10000 IF STICK(0)=15 THEN 10050:REM straight up
10010 IF STICK(0)=10 OR STICK(0)=14 OR STICK(0)=6 THEN
Y=Y-1:REM 11,12 or 1 o'clock position-move player up

10020 IF STICK(0)=9 OR STICK(0)=13 OR STICK(0)=5 THEN Y=Y+1:REM
7,6 or 5 o'clock position-move player down
10030 IF STICK(0)=10 OR STICK(0)=11 OR STICK(0)=9 THEN
X=X-1:REM 10,9 or 8 o'clock position-move player left

10040 IF STICK(0)=6 OR STICK(0)=7 OR STICK(0)=5 THEN X=X+1:REM
2,3 or 4 o'clock position-move player right

10050 RETURN:REM no other possibilities

There are several ways of improving the speed of such a routine by improved programming, as you already know. This routine is included here for simplicity; it is easy to follow its logic. In any case, even excellent programming will not make this type of routine the winner in a speed contest. Let's see if we can speed it up significantly by using assembly language.
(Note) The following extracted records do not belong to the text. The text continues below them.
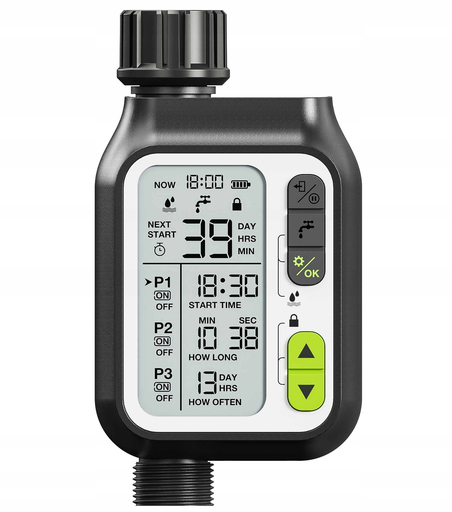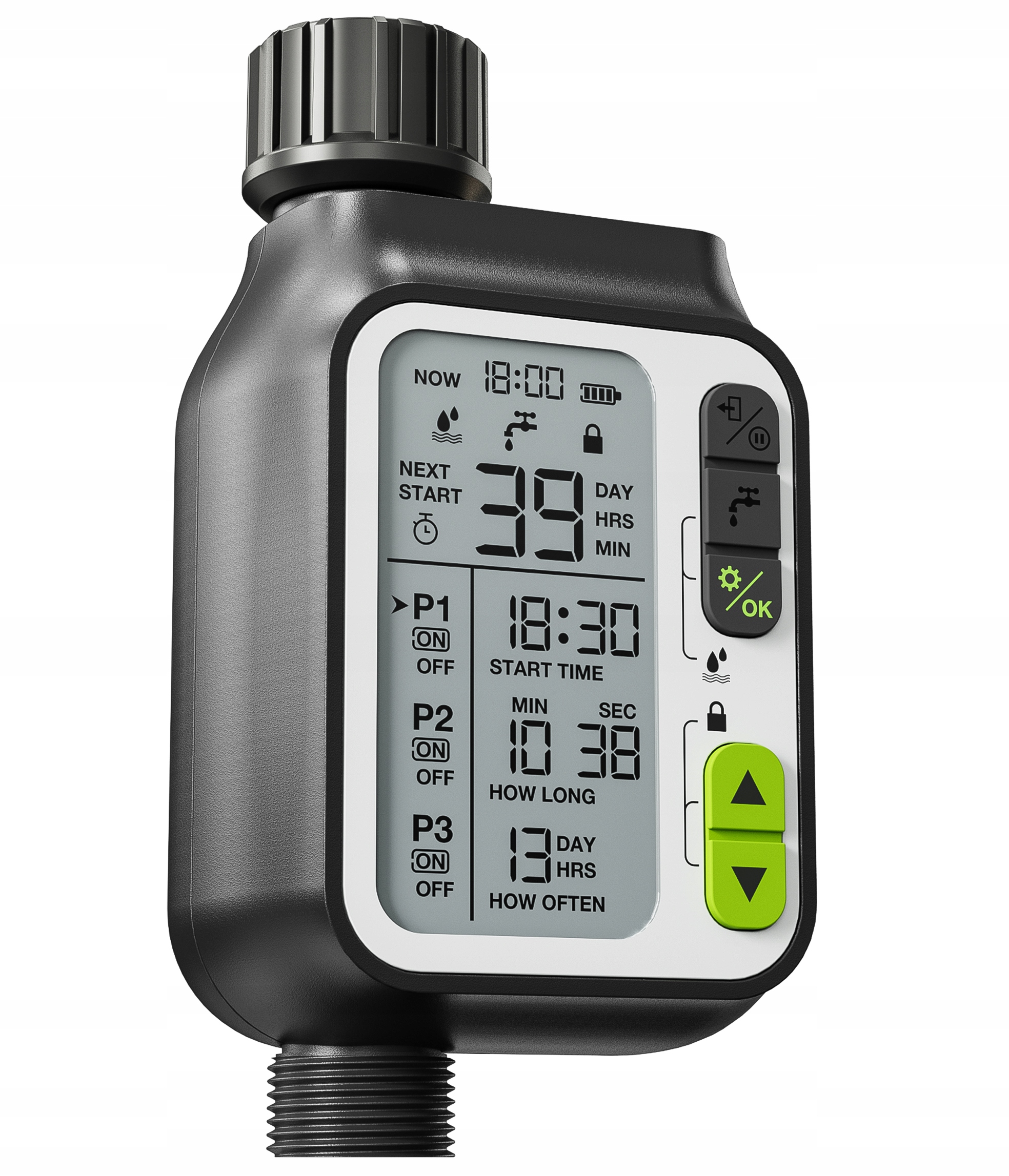 Благодаря программированию до 3 ирригационных циклов в день и регулировка частоты полива вы можете адаптировать систему к индивидуальным потребностям растений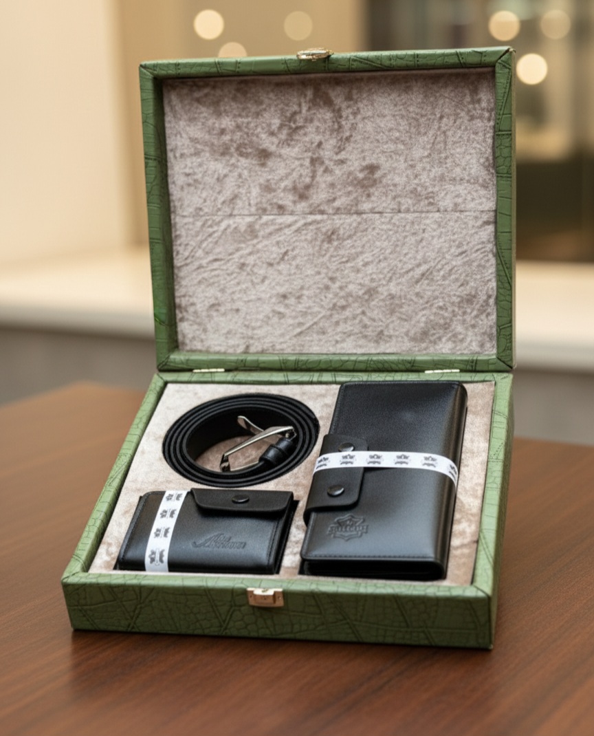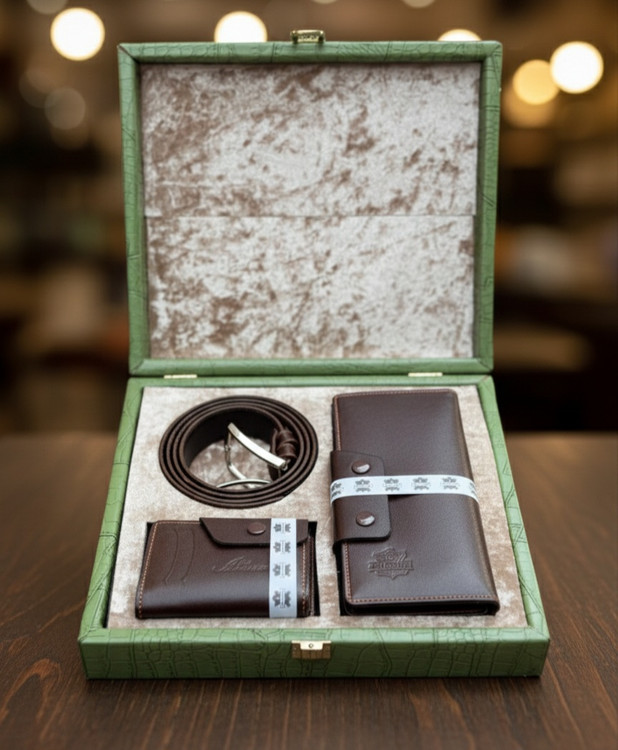 ست کیف پول و کمربند و جاکارتی چرم طبیعی بز با جعبه قفل‌دار هدیه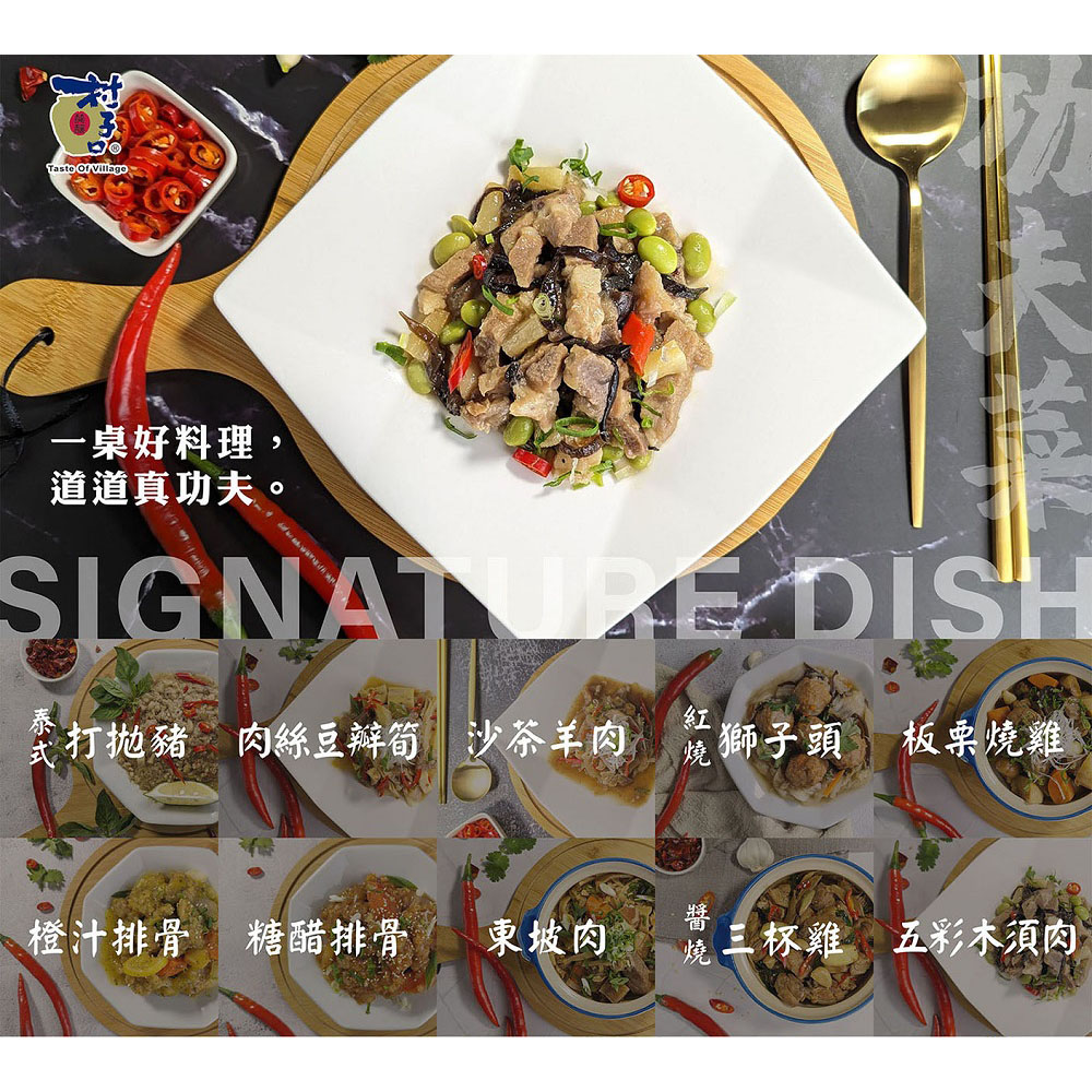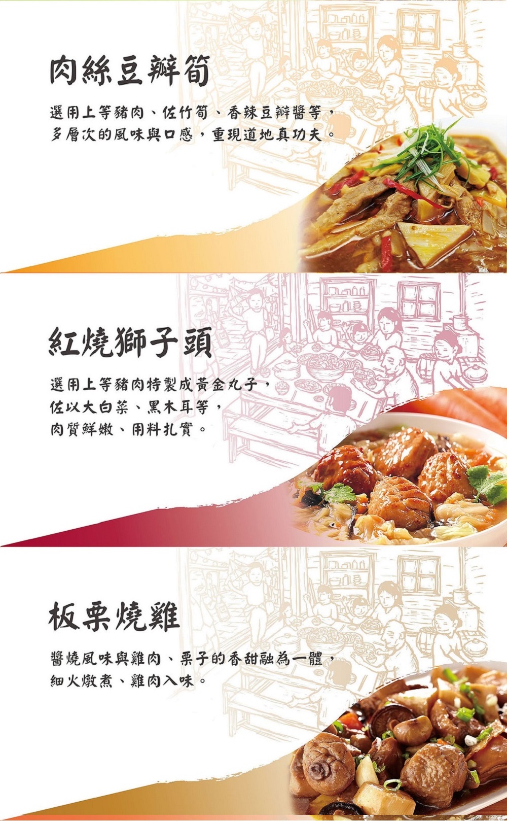 - 品項: 醬燒三杯雞 \ 紅燒獅子頭 \ 糖醋排骨 \ 東坡肉 \ 板栗燒雞 \ 橙汁排骨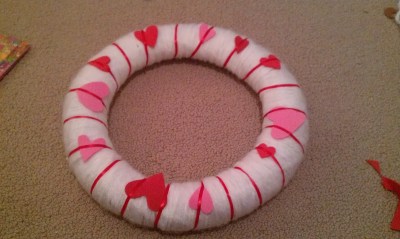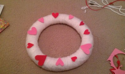 So I put Baby C down for a nap, grabbed this shiny-wood (straw?) wreath that I’ve had in my craft closet for ages, took a ball of white yarn (also hoarded for no apparent reason) and my container of foam sheets. Then D and I settled on the basement floor to put together a Valentine’s Day wreath.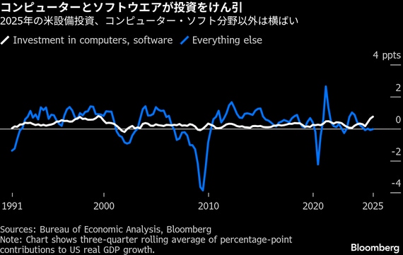 ただし、この投資拡大のほとんどは、コンピューター機器やソフトウエアへの支出増によって支えられている。今後についてエコノミストは、トランプ氏が打ち出したワン・ビッグ・ビューティフル・ビル法や、AI分野への継続的な投資が、2026年の設備投資を押し上げると予想している。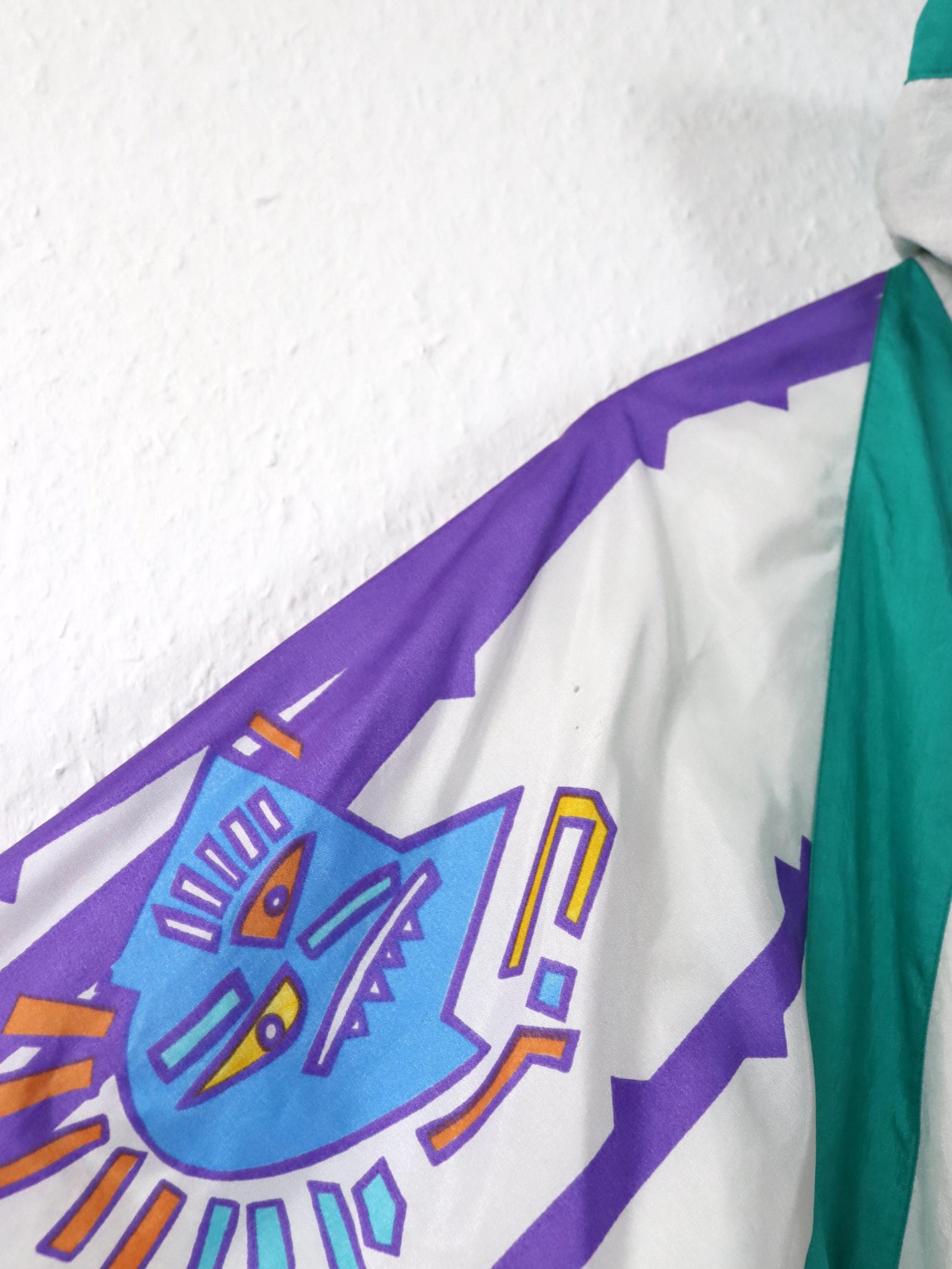 Vintage 80er 90er AK SPORT Trainingsjacke Jacke Stehkragen glänzend crazy pattern weiß bunt L
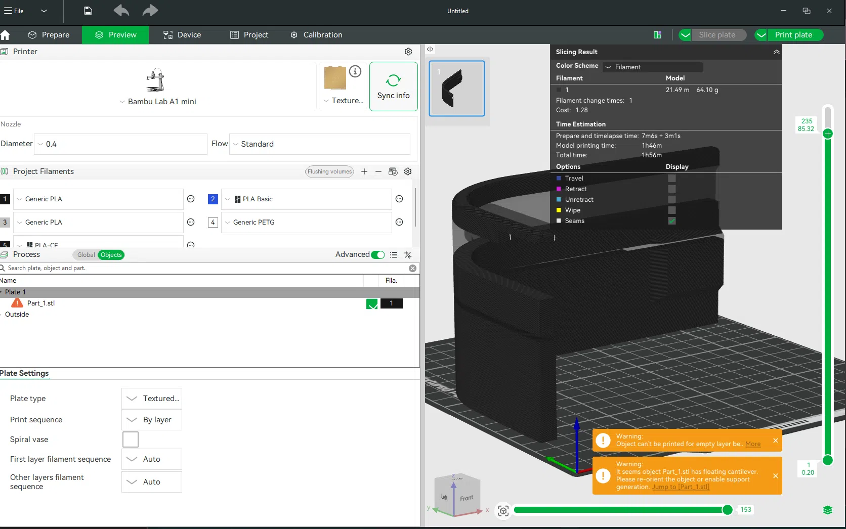 Und hier kommt das erste Problem: Nach dem Klick auf „Slice Model“ (was fast augenblicklich geschieht), sahen die Teile gut aus. Im Bambu Studio fehlten dann aber plötzlich Wände und Schichten. Offenbar war unsere definierte Bohrung größer als die Wandstärke des Modells. Eine Warnung vom Tool? Fehlanzeige. Im zweiten Versuch ohne Loch hat dann alles reibungslos geklappt.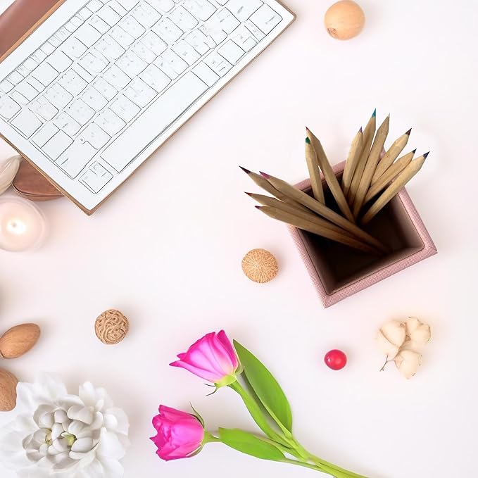 UnionBasic Square Pen Holder, Leather Pencil Cup, Desktop Caddy Stationery Organizer, Taiga Pattern Leather, Pink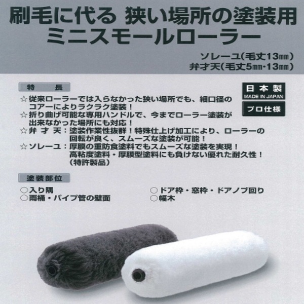pia ミニスモールローラー ミニ丸 2インチ 3インチ 4インチ 5mm 13mm 50本箱 マイクロファイバー 耐溶剤性アップ 狭所 雨樋 パイプ管 壁面対応 折り曲げ可能ハンドル 塗装用ローラー

    We'll assume for the purpose of this example that the joystick routine we shall write will be the only way the player can move, and further, that we will be moving only one player. Since the player can move in only two dimensions, we need only remember two coordinates, the X and Y positions of the player. Because of the way we will be moving the player, we'll need only 1 byte of storage for the X position, but we'll need 2 bytes, for an indirect address, for the Y location. The routine needed for reading the joystick is very straightforward and is given below:

0100 ; *******************************
0110 ; Initialize locations
0120 ; *******************************
0130  *= $600 ; Safe place for routine
0140 YLOC = $CC ; Indirect address for Y
0150 XLOC = $CE ; To remember X position
0160 STICK = $D300 ; Hardware STICK(0) location
0180 ; *******************************
0190 ; Now read the joystick #1
0200 ; *******************************
0210  PLA ; Keep the stack neat
0220  LDA STICK ; Get joystick value
0230  AND #1 ; Is bit 0 = 1?
0240  BEQ UP ; No - 11, 12 or 1 o'clock
0250  LDA STICK ; Get it again
0260  AND #2 ; Is bit 1 = 1?
0270  BEQ DOWN ; No - 5, 6 or 7 o'clock
0280 SIDE LDA STICK ; Get it again
0290  AND #4 ; Is bit 3 = 1?
0300  BEQ LEFT ; No - 8, 9 or 10 o'clock
0310  LDA STICK ; Get it again
0320  AND #8 ; Is bit 4 = 1?
0330  BEQ RIGHT ; No - 2, 3 or 4 o'clock
0340  RTS ; Joystick straight up

    As you can be see, after the mandatory PLA to keep BASIC happy, reading the joystick is just a matter of loading the accumulator from the hardware location STICK ($D000) and then ANDing it with 1, 2, 4, or 8. The ATARI joysticks set one or more of the lower four bits in location $D000 to zero if the stick is pressed in that direction: bit zero for up, bit 1 for down, bit 2 for left, and bit 3 for right. If none of the 4 bits is set to zero, the joystick is in the straight-up position. Note that the joystick may not be simultaneously pressed right and left or up and down, but it may be right and down simultaneously, or left and up.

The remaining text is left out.